Around the time of the financial crisis in 2008, TIAA and other investment funds started buying up farmland in Brazil, eventually honing in on the northern Cerrado, specifically Matopiba, where environmental protections are thin and land ownership is often in disputed. According to environmental organizations, academic researchers, satellite images, and media reports, many of the farms TIAA acquired are connected to land grabbing and deforestation. TIAA has regularly denied any knowledge of these practices, but emails and other leaked documents obtained from a data breach last year reportedly showed that as far back as 2010, TIAA was aware that some of the land it purchased was bought from people publicly accused of stealing it — groups like those that destroyed do Espirito Santo’s village of Bom Acerto. Despite an almost decades-long campaign by the Brazilian nonprofit The Network for Social Justice and Human Rights, along with environmental advocacy groups like ActionAid and Friends of the Earth, to get TIAA and other foreign funds to divest from their Brazilian landholdings, TIAA continues to raise money to invest in the region.
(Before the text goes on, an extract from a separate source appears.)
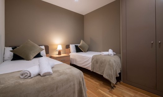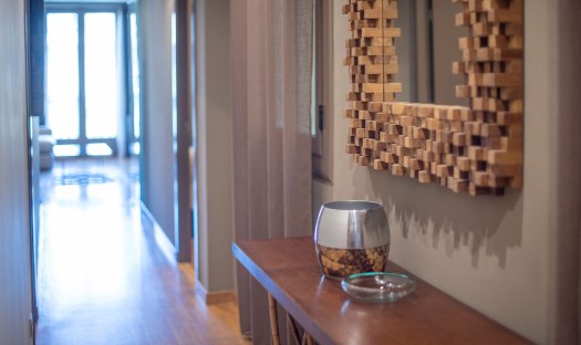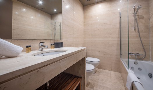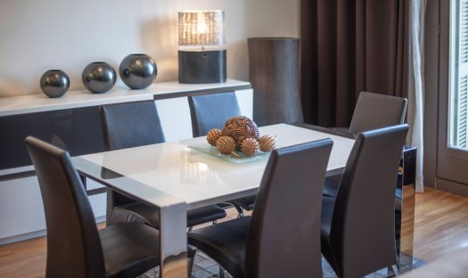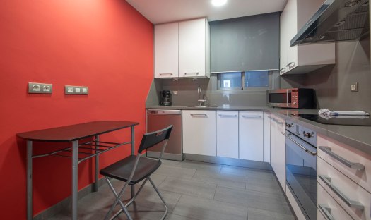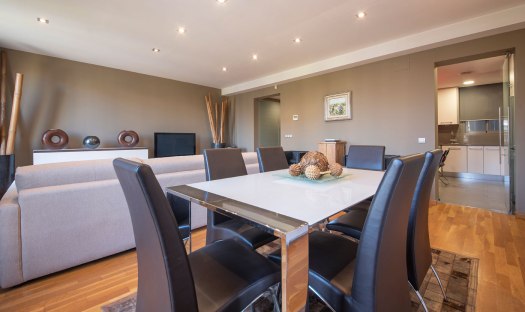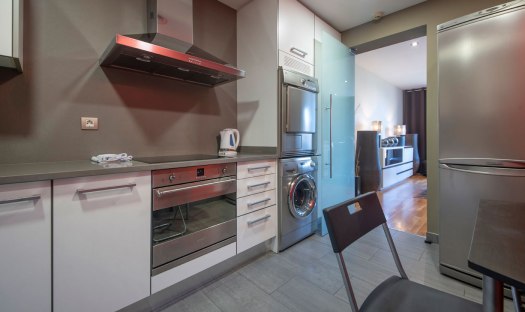 The apartment feels cozy, comfortable and welcoming. It offers 3 bedrooms and can host up to 7 guests. The first bedroom comes with a double bed, a large wardrobe and en-suite bathroom with tub/shower, WC, bidet and sink. The second bedroom offers 2 single beds, a big cupboard and a full size mirror. The third bedroom is a single room and comes with a desk and a wardrobe. Right next to this bedroom is the second bathroom with shower, WC and sink. It is accessible from the long hallway. The living room of this apartment is spacious, faces Passeig de Gracia and has two small balconies from where guests can overview the avenue down to Placa de Catalunya; Barcelona’s main square. Further on, the living room is equipped with a comfortable chaise lounge sofa which converts in one easy movement into a comfortable double bed. Also in the living room and right next to the kitchen is the dinning area with a white glass table and 6 chairs. The fully equipped and modern kitchen is accessible from the living room’s dining area and offers everything necessary in case guests wish to prepare a meal. All appliances are top brands. At the guests, disposal are an induction stove, oven, coffee maker, fridge, freezer, dishwasher, washing machine, dryer, microwave, toaster, etc.

Connecting specific farms to specific investment funds is a complicated task, said Lucas Seghezzo, a professor of environmental sociology at the National University of Salta, Argentina, who studies large-scale land acquisitions. Investment funds often keep their assets private when they aren’t stocks and bonds, and following the money can lead to a maze of shell companies and chains of subsidiaries. Researchers wind up stuck in dead ends. Deforestation and land clearing is a complex process, and not every instance is directly connected to pension funds or investors. But experts have traced the massive influx of foreign capital in Matopiba to skyrocketing land prices in the region, which, in turn, has fueled land grabbing, deforestation, and violent conflicts, all with devastating consequences for local communities and the land itself.
“There’s a lot of evidence that investors who buy land in Latin America, for instance, but also in Southeast Asia, are responsible for deforestation — directly or indirectly,” said Seghezzo, who is also a scientific advisor to the Land Matrix Initiative, an independent monitoring initiative. “There is a clear correlation between land acquisitions and deforestation, especially those for agriculture.”
Bom Acerto is a two-hour drive from Balsas, an agricultural town in the heart of Matopiba. The route there is largely unpaved, passing over hills and through miles of scraggly shrubs and waving golden grass. The road dips occasionally from flat stretches of savanna into lush forests wedged into tiny riverine valleys. Far less known than the Amazon rainforest that borders the savanna to the north and west, the Cerrado is Brazil’s second-largest biome, covering an area larger than Germany, France, England, Italy, and Spain combined. It’s one of the oldest and richest ecosystems on Earth, with 5 percent of the planet’s biodiversity.